Monday, March 28, 2022

Locked in a Garden of Spiders: Punishment at the Therapeutic Boarding School

 Writing about my time at the therapeutic boarding school is something I've really never been able to do. The memories of this experience are all packed tightly away in a locked chest somewhere deep within me. My recollection of them is tantamount of trying to recall a vivid dream I may have had decades ago--shadows, illusions of shadows, flickering images, nothing coherent. 

I'll do my best to try to describe what I can. The school (if you can call it that) was located on a communal-type property about thirty miles outside Houston, Texas. There was a double-wide for the girls, a double-wide for the boys, a large community center, and what was once a ranch-style home that had been converted into a schoolhouse. There were maybe 40 girls, 40 boys, all packed in tightly. 

The rules were bizarre. We weren't allowed to read any magazines or newspapers or anything that informed us of what was occurring in the outside world. We weren't allowed to listen to any music other than oldies or contemporary christian. We weren't allowed to engage in conversations with fewer than three people involved. We weren't allowed to talk about anything having to do with our lives before coming there. Moreover, we weren't allowed to say anything that was "negative" at all. We were required to be smiling, positive, happy at all times. 

Failure to meet any of these requirements was met with severe and unimaginable punishments.

Each day, the two owners of the school--two women who were large, loud, and abrasive--came to the property, called us all into the living room of the schoolhouse for something called "Life Skills." Anyone who'd been reported for violation of any rules was  made to stand on their feet, and have these two women scream and shout and swear at them, oftentimes engaging peers to do the same, until they were just broken. 

Have you heard of Synanon? It was that, through and through. 

And then, yes, the punishments. 

If you were punished, you had to wear a red shirt to denote your punishment. This meant that any free time other than school or homework was spent cleaning or doing manual labor. This was never set for an intended period of time, only until the women decided you'd learned your lesson. It could be days, it could be weeks. 

Sometimes, this involved working out in a huge garden, as was the case when I'd gotten my first red shirt. 

I went into this experience rather optimistically. I loved nature, growing things, being outdoors, why, this was scarcely a punishment at all! What a lovely way to while away a warm Saturday afternoon, weeding out a garden bed and preparing it for Spring planting. 

I remember being serene for the first time in the months that I'd been there, closing my eyes and letting the humid breeze blow over me, stomping into the space in my green Doc Martins, reaching down to pull up my first weed, and then, as I was looking down...

I saw something move. 

I have always been terrified of spiders. This is my greatest fear, above all others. And right as I pulled up that weed, the biggest spider I have ever seen in my life went skittering over my boot. 

I screamed. I burst into tears. I felt like my heart was going to explode. I tried to run away, but I was caught by several adults who began to yell and shout at me and accuse me of trying to escape. I tried my best to explain to them through my sobs how I'd just seen a spider and how frightened of them I was, for them to please let me out. 

They laughed at me...the most scornful, mocking laughter I've ever heard. 

She's faking it, one of the kids chimed in. She just doesn't want to do any work. 

Yeah, another agreed.
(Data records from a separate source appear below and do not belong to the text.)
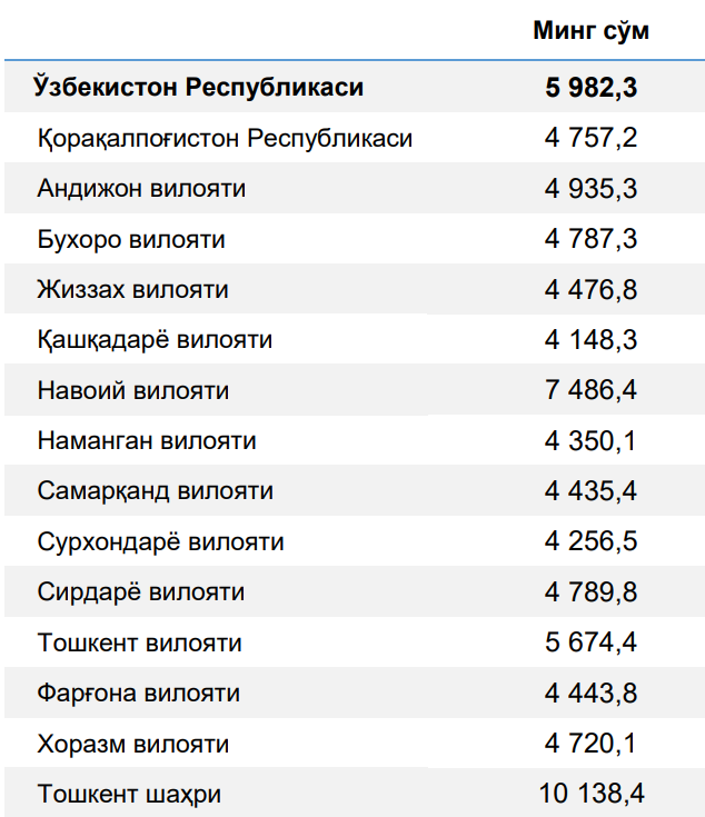 1 iyul holatiga ko‘ra, o‘rtacha oylik ish haqining eng yuqori miqdori Toshkent shahri (10 mln 138 ming), Navoiy (7 mln 486 ming) va Toshkent viloyatida (5 mln 674 ming), eng kam miqdori esa Qashqadaryo (4 mln 148 ming), Surxondaryo (4 mln 256 ming) va Namangan (4 mln 350 ming) viloyatlarida qayd etilgan.
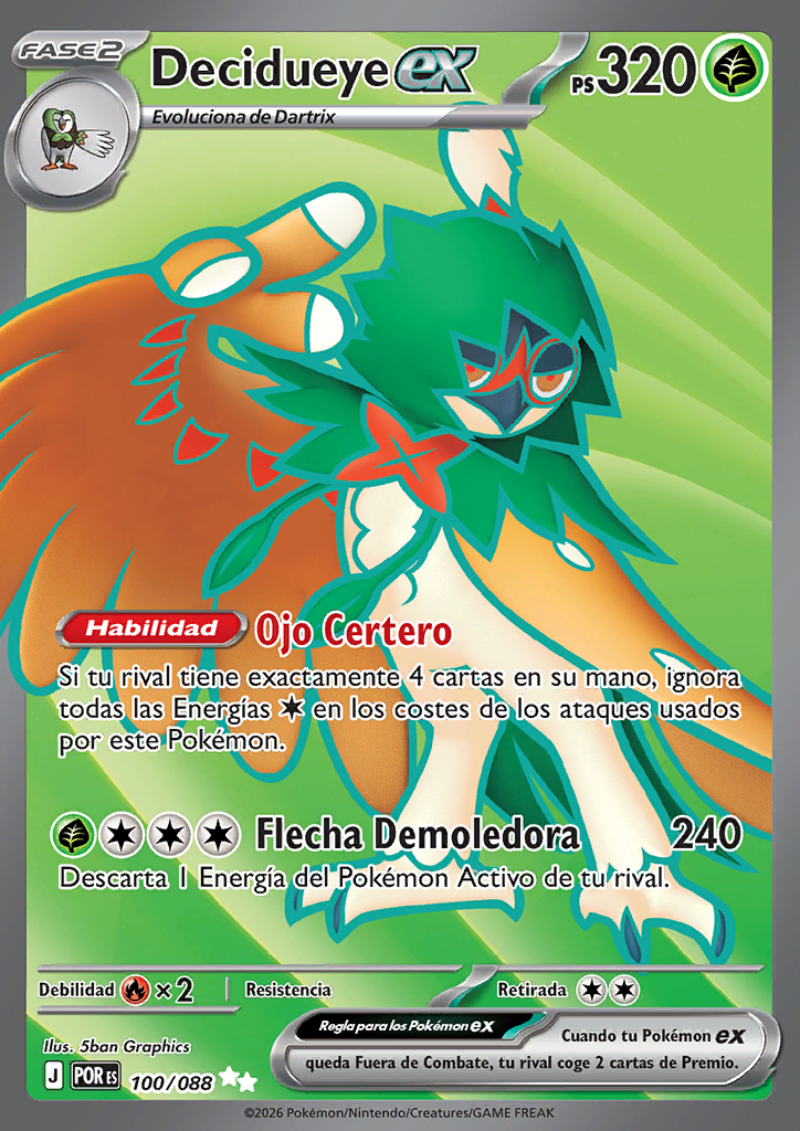 | Si tu rival tiene exactamente 4 cartas en su mano, ignora todas las Energías en los costes de los ataques usados por este Pokémon. | |
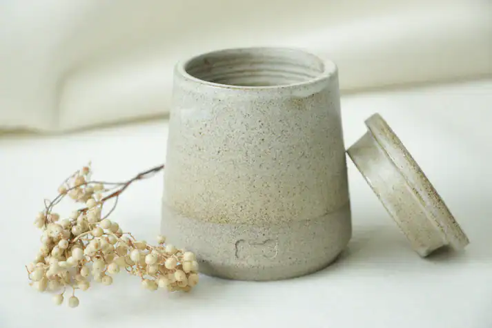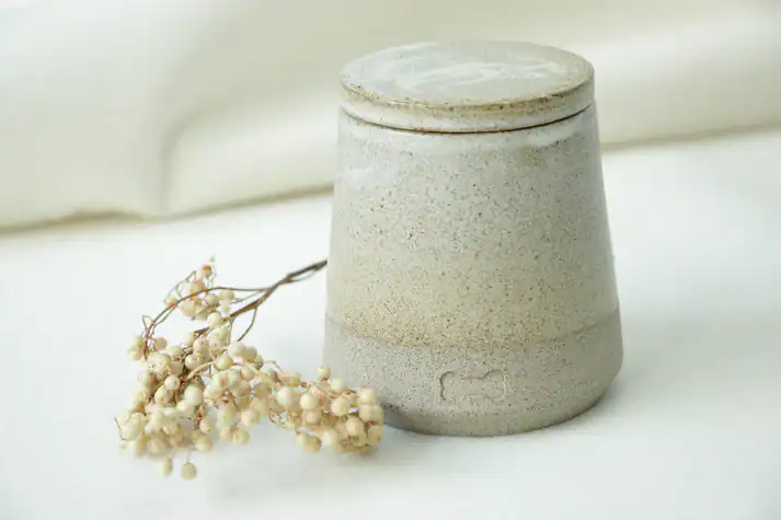 Wabimento heeft een kleine urne uit beige spikkelklei, lokaal handgemaakt en met een subtiel gegraveerd botje.
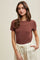 Brown Ribbed Short Sleeve Curved Hem Top

Lying little bitch. 

You get back out there and you pull those weeds and you don't stop, one of the adults growled at me, or we're going to catch those spiders and hold you down and put them on  you. 

I had no choice. I knew they meant it. So I went back out there. Gingerly, forebodingly, I pulled those weeds. And with every single one, spiders bigger and bigger scrambled and skittered and ran. 

And I screamed, I sobbed, to the point that I ended up losing control of my bladder. The adults, the other children, continued to laugh and make fun of me. 

This was the first time I went catatonic, experienced dissociation. Every time I've ever shared this, I've slipped back into this state. Even now, as I am finishing this writing, I feel my whole body going numb, my eyes glazing over, staring off into space like my spirit is kind of leaving my body. 

This is a sign I need to stop now, and put this memory back into that deeply locked box.